Likewise, the Telegraph would have no defence. However, an interesting question would arise, to which the exact circumstances that caused it to label Bowen a Hamas sympathiser would be very relevant.
One difference between Cohen’s and Bowen’s cases is that the Telegraph was published in print. It therefore has a permanence that online publication — once corrected — doesn’t. Bowen could make a good case that, notwithstanding the speed of the editor’s acknowledgement of the error and apology, many readers would have seen the slur but not its correction (or paid the latter little regard).
On top of hurt feelings, that could translate into a big general damages verdict (this category of damages is currently capped at $459,000).
The court can also award aggravated damages for defamation, and these are uncapped. Their purpose is not (technically) to punish the defamer, but to reflect disapprobation of the behaviour that aggravated the harm. This can include things like failing to apologise, not taking down an obviously defamatory publication, and conduct that caused the defamation to spread more widely.
The Telegraph would say look, it was an honest mistake by a minion, we recognised it, corrected it as best we could and apologised. We should get a medal, not a bill.
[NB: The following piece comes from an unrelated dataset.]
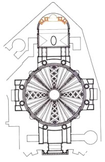 En el arte románico encontramos representaciones diagramáticas del cosmo astronómico que casi siempre incluyen el círculo zodiacal de forma esquemática, de modo que no son útiles para indicar su posición en el firmamento. El zodíaco indicaba, al igual que el mensario, el paso del tiempo, y es por ello que aparece con cierta frecuencia en el arte románico, incluidas no pocas portadas. En algunos monumentos la presencia esquemática de las constelaciones del polo norte celeste ha inducido a pensar en la posible influencia de un planisferio celeste. Por ejemplo, en un mosaico desaparecido de Saint-Remy de Reims un erudito del siglo XVII anotaba la presencia del círculo zodiacal y en el centro del diagrama las constelaciones Osa Mayor y Osa Menor, estas últimas “del mismo que se ven en los globos celestes”, apunta el erudito. Estas versiones simplificadas de un mapa celeste tenían una inveterada tradición. En el centro de uma placa romana del siglo II ó III d.C. conocida como Planisferio Bianchini (hoy en el Museo del Louvre) se hallan las constelaciones de la serpiente y las dos osas (Draco inter arctos), rodeadas por varios círculos con decoración astronómica, entre ellos el círculo zodiacal. Comparado con esta, la representación de Saint-Remy debe de haber sido más sencilla. Aunque no fuera un esquema muy común, podemos recabar algunos testimonios. Un Mithraeum antiguo de Ponza nos confirma las raíces antiguas del esquema, y en un diagrama del siglo IX procedente de Saint-Germain-de Prés encontramos una disposición idéntica a la escrita para Saint-Remy (fig.13), así que ele artista de Reims debió de disponer de un manuscrito de este tipo como modelo. Incluso, la existencia de otro manuscrito con una disposición similar, pero invertida, apunta a que debió de haber un modelo tipo globo y otro tipo mapa de estos planisferios celestes simplificados (fig.14).

The other way of looking at it is this: that this happened at all speaks to an outrageously slack editorial process, and has to be seen in the full context of that publisher’s reckless approach to levelling wild accusations without moderation, especially on this specific subject matter. Arguably, what happened would not have happened, and could not have happened, at any media organisation other than News Corp.
Considered properly, the outrage perpetrated on Chris Bowen by News Corp was a predictable consequence of the sense of responsibility it feels as a news publisher. That is to say, none. If he chose to hold the company to account for this, it would appropriately be footing a massive bill.